Three hundred four billion dollar credit unions, 5% of the industry, comprises 75% of the credit union industry’s total profits. They make so much money because they have completely evolved beyond their original purpose of supporting close-knit groups of modest individuals. The largest credit unions are effectively banks that do not pay federal income taxes.

It’s important to make a distinction between these credit unions and the other 95%, some 5,600 small credit unions. Most of these smaller institutions have tried to remain true to their original mission. Because large credit unions have abused the credit union charter and have expanded well-beyond the credit union mission, they should be required to pay their fair share in federal income taxes, the same as every American citizen and business does today, and are also deserving of appropriate regulation to ensure consumers are protected from harm.

So how did the disparity in resources between the two types of credit unions arise? Let’s explore the history of credit unions to find out.

Congress passed the Federal Credit Union Act in 1934 during the Great Depression. To promote economic recovery, Congress wanted to encourage service to lower-income people united by a common bond. Congress restricted the customer base credit unions could serve – they weren’t designed to serve everyone. Congress limited the type of products credit unions could provide, to encourage small-dollar loans to working people of modest means. And in return for these limits, Congress exempted credit unions from paying federal income taxes.
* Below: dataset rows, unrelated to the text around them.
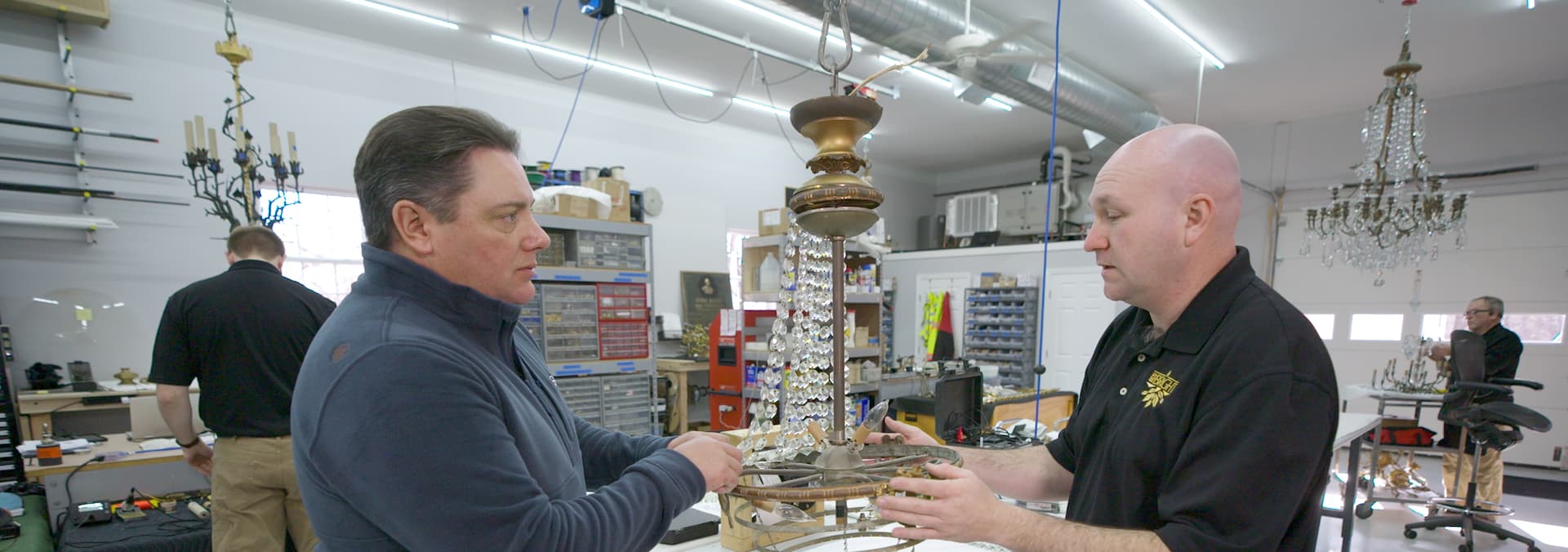 Heath visits Keith Cambell to check in on the rewiring of an antique chandelier.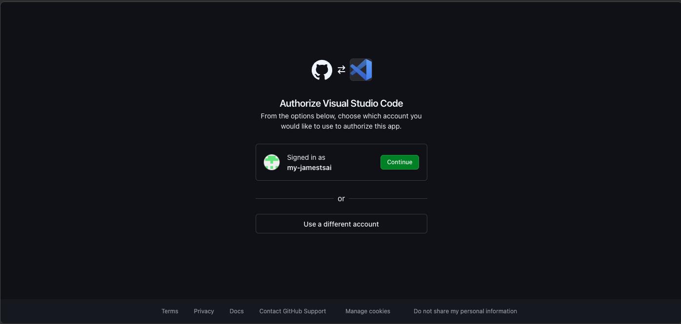 完成後則會出現此畫面,確認是否授權 GitHub Account 給 Visual Studio Code: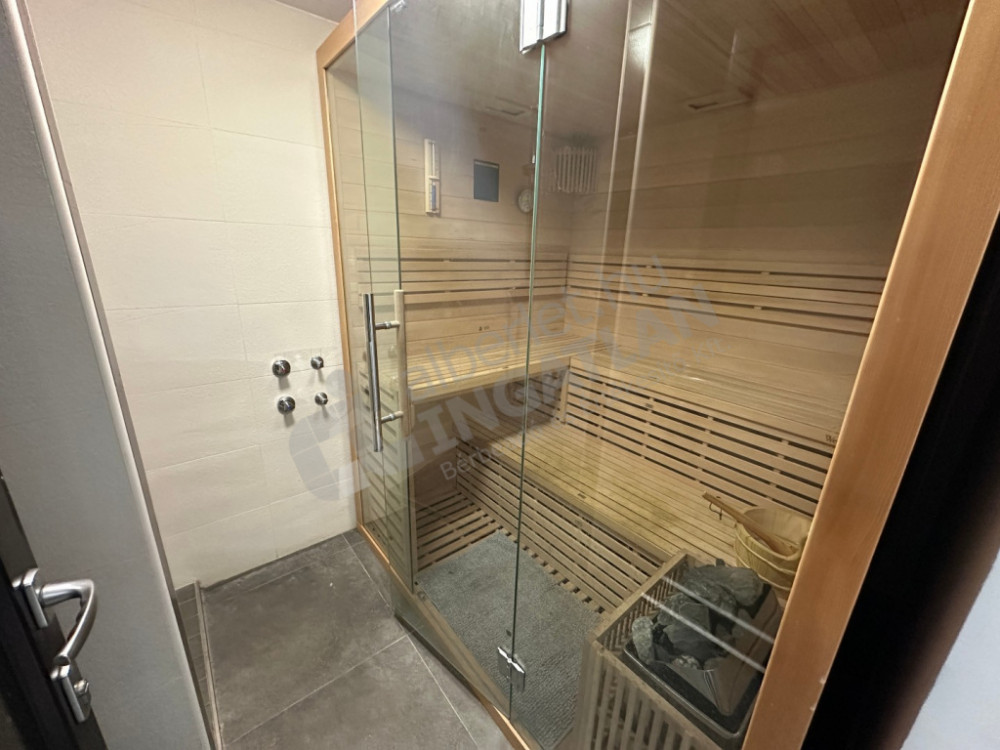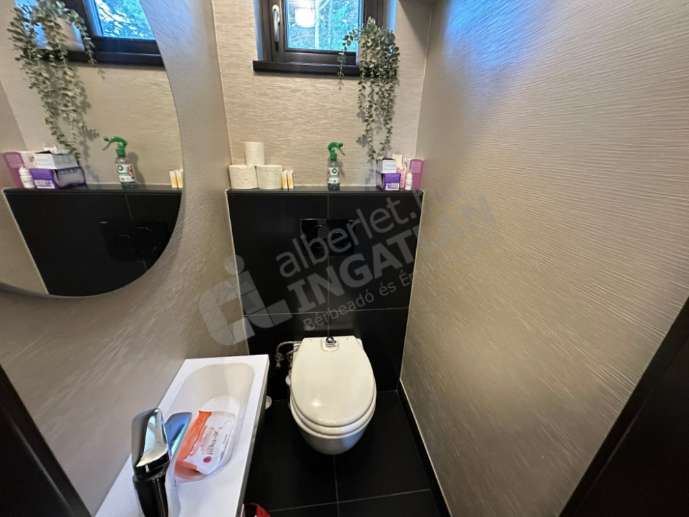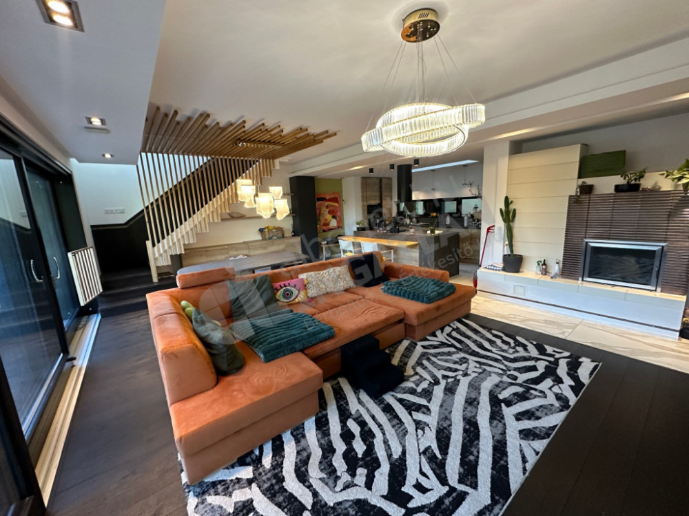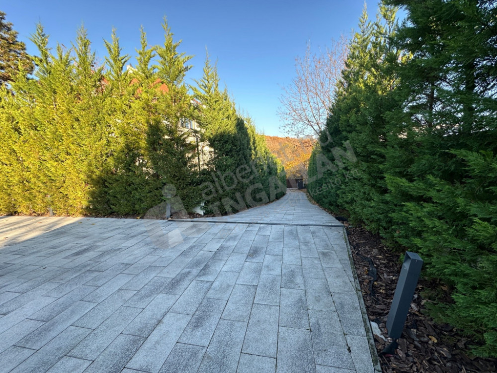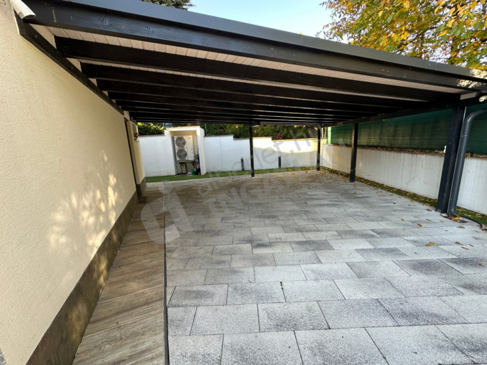 Négy hálószoba, tágas nappali-konyha, két fürdőszoba, két külön WC, óriási panorámás tetőterasz, fedett, két állásos autóbeálló, tárolóhelyiségek, szauna, díszkert.

While smaller community-centric credit unions hold true to the original credit union mission, large credit unions have looked the other way, abandoning their charter in the interest of becoming even larger financial institutions. Yet, the U.S. tax system continues to reward big credit unions for this form of cheating. Explore Credit Unions is here to challenge that.

Large Credit Unions: By The Numbers

  • Nearly 75% of the credit union industry’s tax benefit goes to the 304 large credit unions with over $1 billion in assets, or less than 5% of the entire industry.

  • Barely 25% of the tax benefit goes to the remaining 95% of the industry, approximately 5,600 credit unions with assets of less than $1 billion.

  • Today there are 304 large credit unions with over $1 billion in assets. This is more than double how many existed only ten years ago.